ENGLC 1301: The Classical Tradition

The Classical Tradition lays the foundation for the rest of the core curriculum in English through a writing-intensive introduction to some of the most beautiful and life-altering poems and philosophical works of the Classical world. Students will engage primary texts in a manner that hone their capacity to ask good questions, to interpret carefully, to develop the interior life, and to experience reality in all of its multi-layered richness, realizing the relationship of beauty and ugliness to truth and falsity. Concluding with St. Augustine’s Confessions, the course immerses students in the ties and tension that exist between Christian revelation and classical culture.

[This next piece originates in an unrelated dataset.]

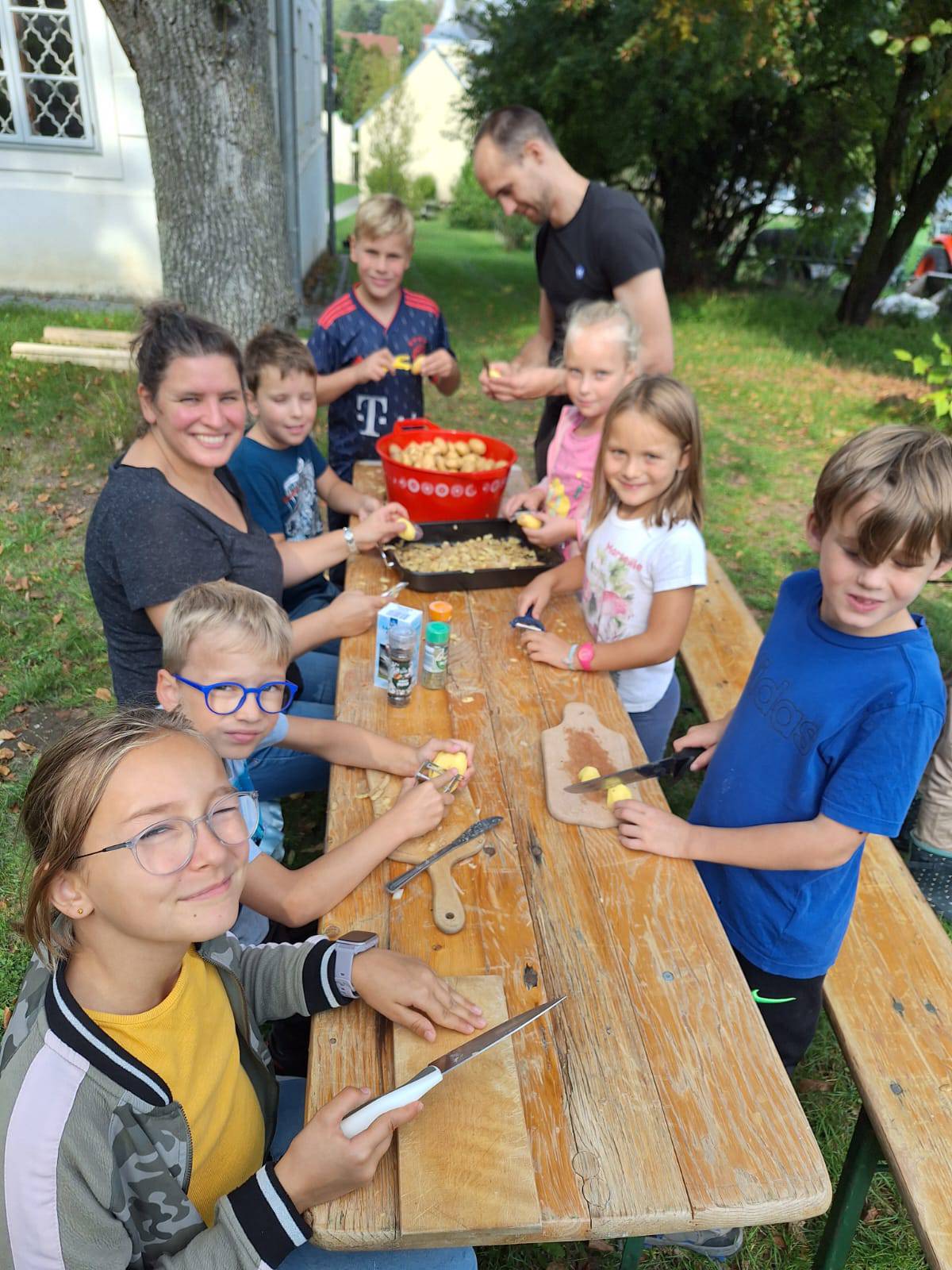 Sie bereiteten selbst das Essen zu - schälten Erdäpfel, schnitten die Würstel für das Kesselgulasch, das sie über dem Lagerfeuer kochten. Zwischen den Gesellschaftsspielen sangen sie gemeinsam und machten sich Gedanken zu den Fürbitten für die Familienmesse am nächsten Tag in der Pfarrkirche. Die Zelte im Pfarrhof stellten sie selbst auf.

ENGLC 1302: Middle Ages and Renaissance

The Middle Ages and Renaissance develops the Core Curriculum in English through a writingintensive introduction to beautiful, life-altering literary and philosophical works of the Middle Ages and Renaissance. Students will engage primary texts in a manner that hone our capacity to ask good questions, to interpret carefully, to develop the interior life, and to experience reality in all of its multi-layered richness, realizing the relationship of beauty and ugliness to truth and falsity.

ENGLC 2301: Modern World and American Expressions

The Modern World and American Expressions crowns the Core Curriculum in English through a writing-intensive introduction to beautiful, life-altering literary and philosophical works of modern literature. Students will engage primary texts in a manner that hones their capacity to ask good questions, to interpret carefully, to develop the interior life, and to experience reality in all of its multi-layered richness, realizing the relationship of beauty and ugliness to truth and falsity.

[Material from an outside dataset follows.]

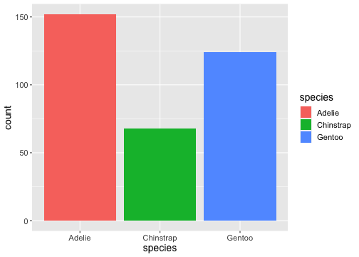 ggplot(penguins) + geom_bar(aes(x= species, fill = species))

HISTC 1301: History of Western Culture and Ideas

A historical perspective on European culture, society, and politics. This course aims to foster both historical consciousness and the stability and circumspection that results from an awareness of the richness and diversity of the past.

LS 1301: Foundations of Liberal Learning

An introduction to the liberal arts of language: grammar, logic, and rhetoric, accompanied by an explanation of liberal learning itself, its nature and importance. The course is interdisciplinary and may be taught from different disciplinary perspectives, depending on the professor.

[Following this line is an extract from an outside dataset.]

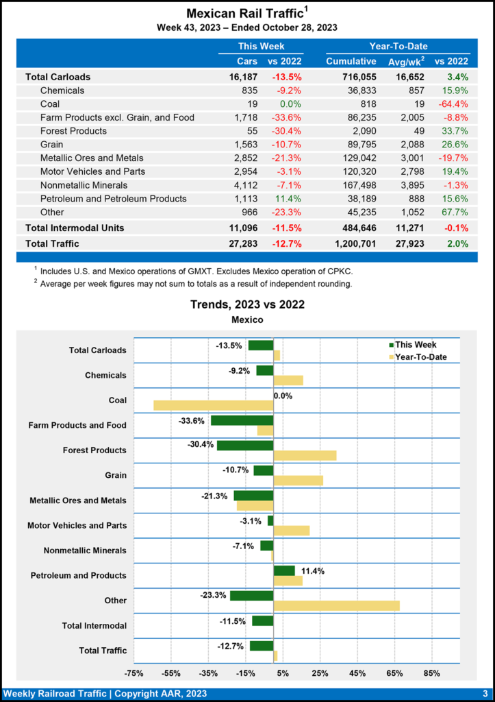 Mexican railroads reported 16,187 carloads for the week ending Oct. 28, 2023, falling 13.5% from the same week last year, and 11,096 intermodal units, decreasing 11.5%. Their cumulative volume for the first 43 weeks of this year was 1,200,701 carloads and intermodal containers and trailers, up 2.0% from the same point in 2022.

MATHC 2301: Quadrivium: The Mathematical Arts

"Quadrivium: The Mathematical Arts" explores the quantitative arts of the quadrivium: arithmetic, geometry, music, and astronomy. As the second stage of a traditional liberal arts education following the qualitative trivium, the quadrivium reveals the beauty and nature of the created universe through the universal language of mathematics.

PHILC 2301: Ethics

This course is for students who are studying moral philosophy for the first time. As long as there have been human beings, morality has been a question—its foundations, its nature, its forms, and its very possibility. By studying classic works of philosophy, especially Plato’s Republic, Aristotle’s Nicomachean Ethics, and St. Thomas Aquinas’s Summa Theologica, students will engage with the most fundamental questions that motivate ethical reflection: What does it mean to be human? What makes for a good life? How shall we live? What is the relationship between morality and happiness? The course will focus particular attention on the riches of the Catholic intellectual tradition and its emphasis on practical reasoning, the dignity of the person, virtue ethics, and the natural law.

POSCC 2301: Politics and Society

An introductory course on the political and social order with an emphasis on the American context, presenting theories and their real-life application. Themes include natural law, civil rights and civil liberties, and forms of social and economic organization.

SCIEC 2301: Quadrivium: The Mathematical Arts

"Quadrivium: The Mathematical Arts" explores the quantitative arts of the quadrivium: arithmetic, geometry, music, and astronomy. As the second stage of a traditional liberal arts education following the qualitative trivium, the quadrivium reveals the beauty and nature of the created universe through the universal language of mathematics.

THEOC 1301: Faith, Reason, and Revelation

An introductory course in fundamental Catholic theology, presenting the basic openness of the human person to divine revelation, the historical veracity of that revelation, and selected major theological themes in the Catholic worldview, with an eye to their coherence with one another and with the human person.